We now turn to classification.

Quoting [Wikipedia](https://en.wikipedia.org/wiki/Statistical_classification):

> In machine learning and statistics, classification is the problem of identifying to which of a set of categories (sub-populations) a new observation belongs, on the basis of a training set of data containing observations (or instances) whose category membership is known. Examples are assigning a given email to the "spam" or "non-spam" class, and assigning a diagnosis to a given patient based on observed characteristics of the patient (sex, blood pressure, presence or absence of certain symptoms, etc.). Classification is an example of pattern recognition. In the terminology of machine learning, classification is considered an instance of supervised learning, i.e., learning where a training set of correctly identified observations is available.

We will illustrate this problem on the [MNIST](https://en.wikipedia.org/wiki/MNIST_database) dataset. Quoting [Wikipedia](https://en.wikipedia.org/wiki/MNIST_database) again:

> The MNIST database (Modified National Institute of Standards and Technology database) is a large database of handwritten digits that is commonly used for training various image processing systems. The database is also widely used for training and testing in the field of machine learning. It was created by "re-mixing" the samples from NIST's original datasets. The creators felt that since NIST's training dataset was taken from American Census Bureau employees, while the testing dataset was taken from American high school students, it was not well-suited for machine learning experiments.

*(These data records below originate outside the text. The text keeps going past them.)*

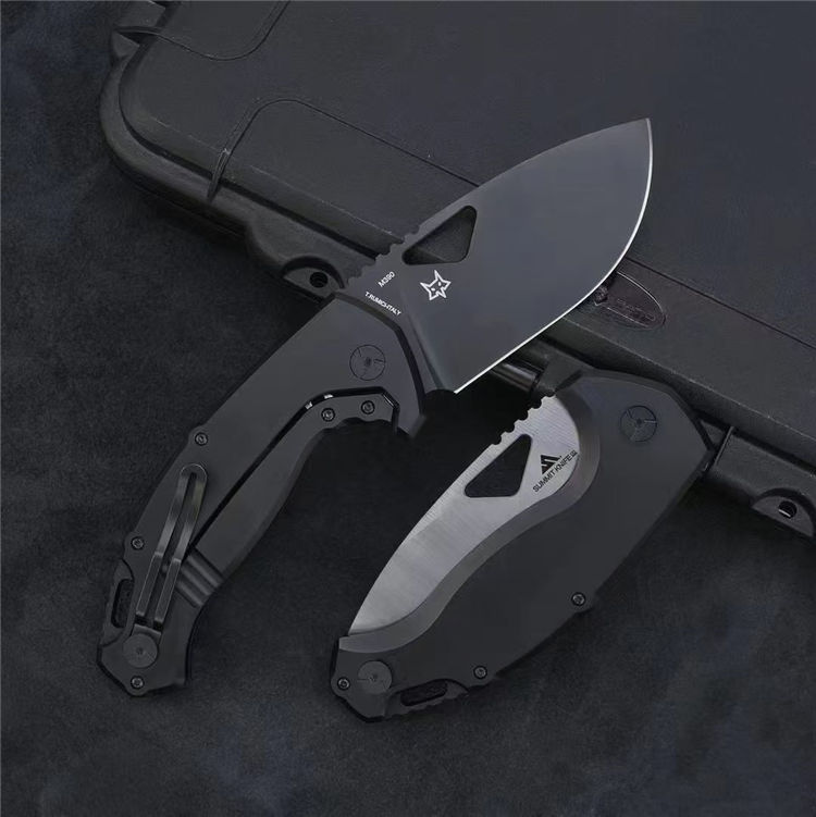 意大利狐狸SK-02OD折刀 全长:22.5cm 刃长:9.4cm 刃厚:4mm 柄长:13cm 刃宽:4.7cm 硬度:59-61HRC 重量:176g(裸刀)247g(含包装) 刀鞘:尼龙刀包 刃材:M390 柄材:7075航空铝 工艺:缎纹,CNC电脑锣精密加工制作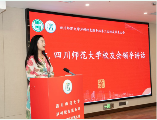 最后四川师范大学国内合作处(校友工作办公室)校友工作科科长李爽代表母校作了热情洋溢的发言,对大会的胜利召开和新一届理事会的成立表示热烈祝贺,对泸州校友服务站的各项工作给予高度肯定,希望新一届理事会继续弘扬母校精神,凝聚校友力量,开创校友工作新局面。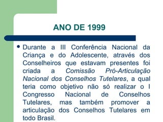 O documento descreve a história da criação e desenvolvimento do Fórum Colegiado Nacional de Conselheiros Tutelares (FCNCT) no Brasil. O FCNCT foi criado em 2001 durante o I Congresso Nacional de Conselhos Tutelares para promover a articulação entre os Conselhos Tutelares dos estados brasileiros. Desde então, vem conquistando avanços como a regulamentação da função do conselheiro tutelar e a participação em debates nacionais sobre políticas de proteção à criança e ao adolescente.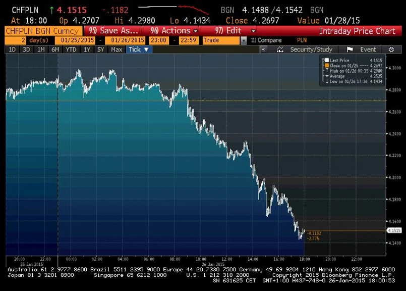 Na wczorajszym zamknięciu kurs franka utrzymywał się na poziomie 4,26 zł.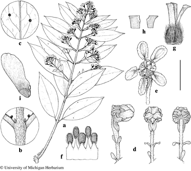 Heteropterys bicolor. a. Flowering branch. b. Node to show epipetiolar stipules. c. Abaxial surface of lamina to show glands. d. Flower buds with decurrent calyx glands adjacent to innermost petal, three views. e. Flower, innermost petal pointed downward. f. Portion of androecium laid out, abaxial view, stamen in center opposite innermost petal. g. Gynoecium, lateral view, anterior style to right. h. Distal portions of posterior style (left) and anterior style (right). i. Samara. Scale bar equivalents: a, 4 cm; b, 4 mm; c, 8 mm; d, e, 5.7 mm; f, 2.7 mm; g, 2 mm; h, 1.3 mm; i, 2 cm. Based on: a–h, Silva et al. 2215, MICH; i, Hatschbach 23480, MICH. Drawn by Karin Douthit. © University of Michigan Herbarium.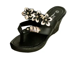 Step out in style with our Elegant Black Floral Wedge Sandals, featuring beautiful gold and jewel accents. These sandals are designed for both dress-up occasions and everyday casual wear.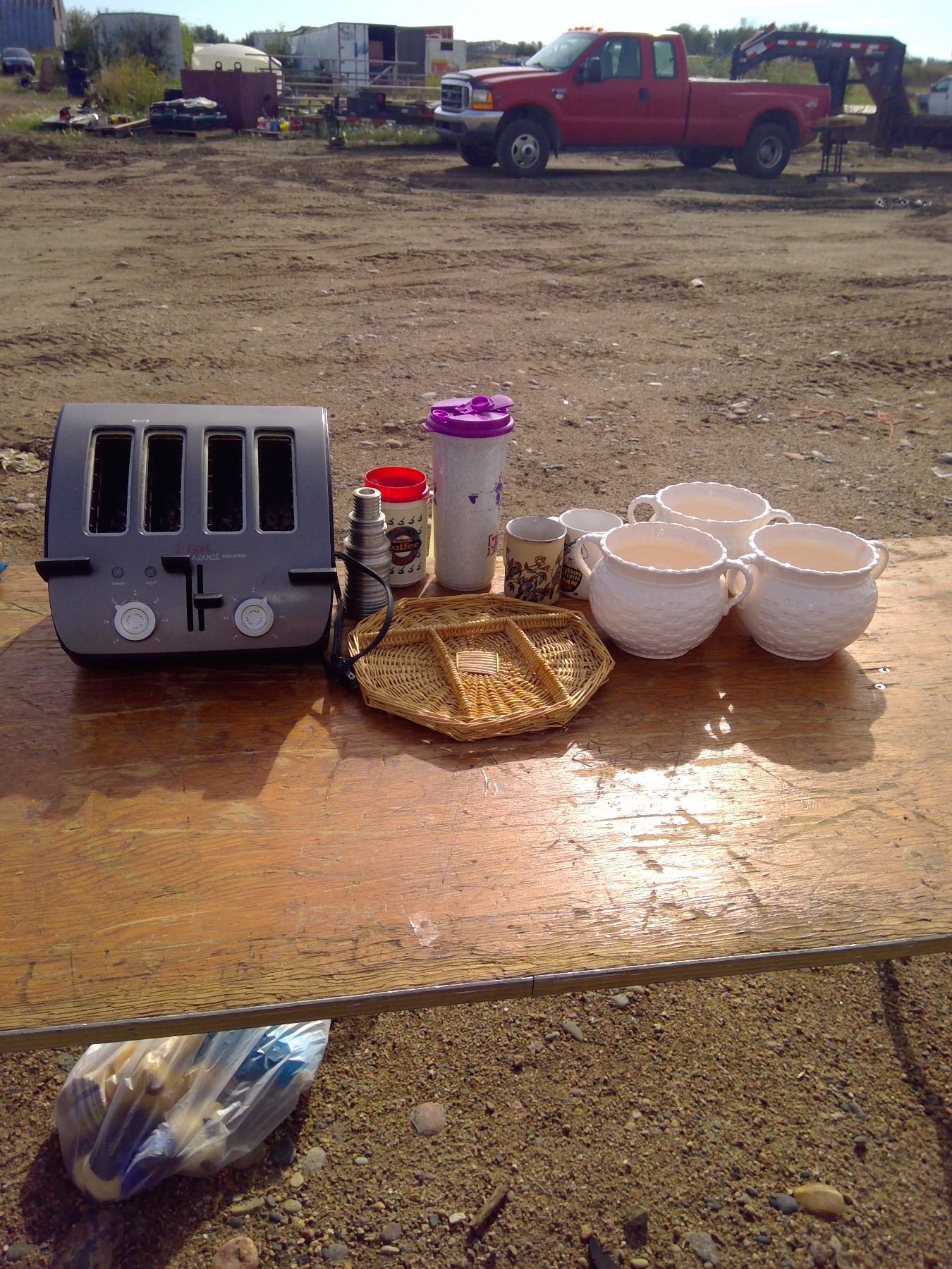 T-FAL TOASTER + COFFEE MUGS +WHITE GLASS CANDY/DISPLAY JARS

Furthermore, the black and white images from NIST were normalized to fit into a 28x28 pixel bounding box and anti-aliased, which introduced grayscale levels. The MNIST database contains 60,000 training images and 10,000 testing images. Half of the training set and half of the test set were taken from NIST's training dataset, while the other half of the training set and the other half of the test set were taken from NIST's testing dataset.

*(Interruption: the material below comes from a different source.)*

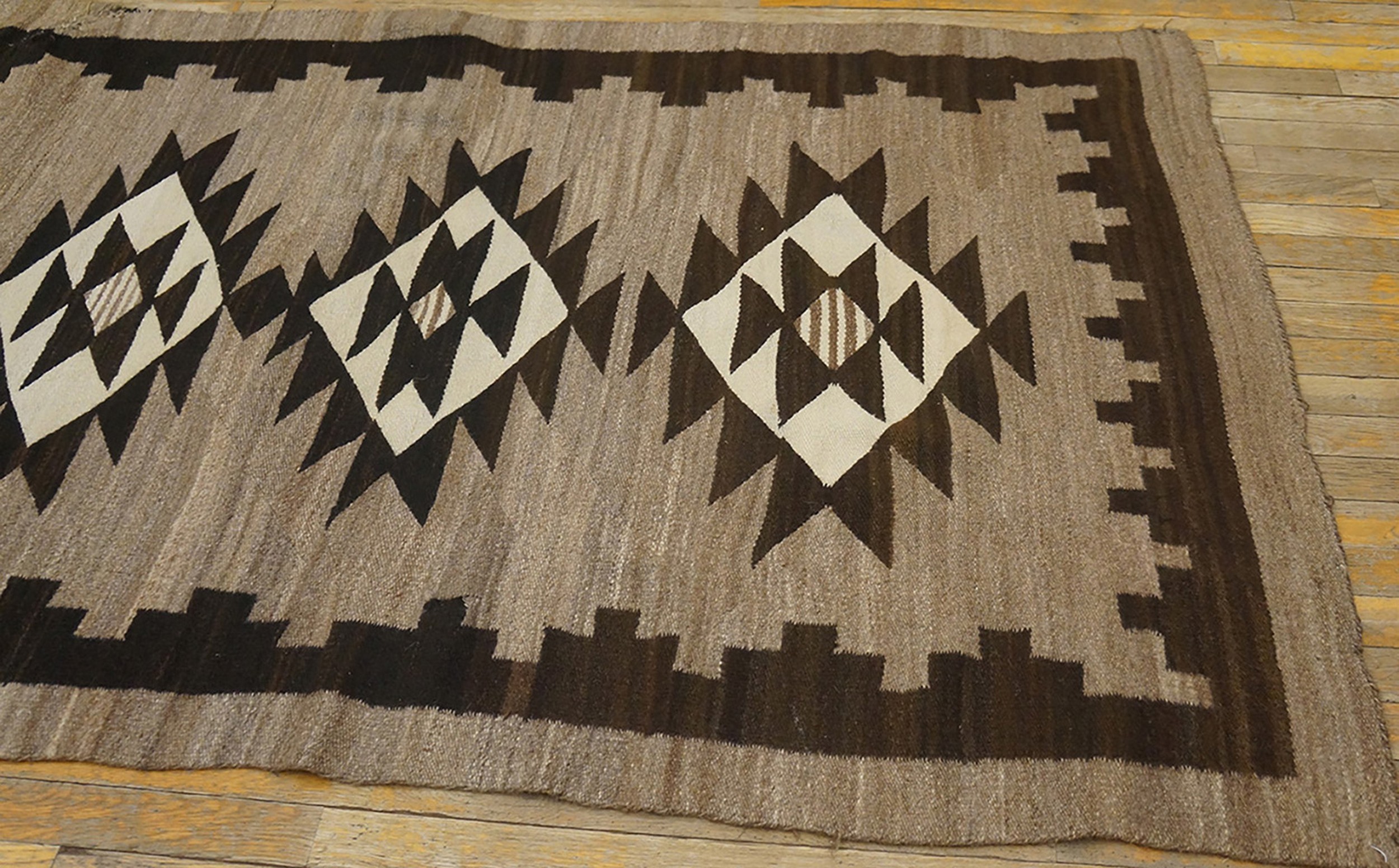 Woven from robust, hand-spun wool, this piece possesses the durability and integrity expected of textiles from the 1930s. Such finely preserved examples are highly sought after by collectors of antique rugs, serving as enduring testaments to the cultural legacy of the American Southwest.

Here is a sample of the images:

![MNIST sample images](https://upload.wikimedia.org/wikipedia/commons/2/27/MnistExamples.png)

**Figure:** MNIST sample images ([Source](https://commons.wikimedia.org/wiki/File:MnistExamples.png))

We first load the data and convert it to an appropriate matrix representation. The data can be accessed with [`tensorflow.keras.datasets.mnist`](https://www.tensorflow.org/api_docs/python/tf/keras/datasets/mnist).

In [None]:
import tensorflow as tf
from tensorflow import keras

In [None]:
mnist = keras.datasets.mnist
(imgs, labels), (test_imgs, test_labels) = mnist.load_data()
len(imgs)

For example, the first image and its label are:

In [None]:
plt.figure()
plt.imshow(imgs[0])
plt.show()

In [None]:
labels[0]

For now, we look at a subset of the samples: the 0's and 1's.

To find all such samples, we use a [list comprehension](https://docs.python.org/3/tutorial/datastructures.html#list-comprehensions).

In [None]:
i01 = [i for i in range(len(labels)) if (labels[i]==0) or (labels[i]==1)]
imgs01 = imgs[i01]
labels01 = labels[i01]

In this new dataset, the first sample is:

In [None]:
plt.figure()
plt.imshow(imgs01[0])
plt.show()

In [None]:
labels01[0]

Next, we transform the images into vectors. For this we use the [`flatten()`](https://numpy.org/doc/stable/reference/generated/numpy.ndarray.flatten.html) function, which returns a copy of the array collapsed into one dimension.

In [None]:
X = np.vstack([imgs01[i].flatten() for i in range(len(labels01))])
y = labels01

The input data is now of the form $\{(\mathbf{x}_i, y_i) : i=1,\ldots, n\}$ where $\mathbf{x}_i \in \mathbb{R}^d$ are the features and $y_i \in \{0,1\}$ is the label. Above we use the matrix representation $X \in \mathbb{R}^{d \times n}$ with columns $\mathbf{x}_i$, $i = 1,\ldots, n$ and $\mathbf{y} = (y_1, \ldots, y_n)^T \in \{0,1\}^n$. 

Our goal: 

> to learn a classifier from the examples $\{(\mathbf{x}_i, y_i) : i=1,\ldots, n\}$, that is, a function $\hat{f} : \mathbb{R}^d \to \mathbb{R}$ such that $\hat{f}(\mathbf{x}_i) \approx y_i$.

This problem is referred to as [binary classification](https://en.wikipedia.org/wiki/Binary_classification).

## Background: review of differentiable functions of several variables and introduction to automatic differentiation

**NUMERICAL CORNER:** We illustrate the use of [automatic differentiation](https://en.wikipedia.org/wiki/Automatic_differentiation) to compute gradients. 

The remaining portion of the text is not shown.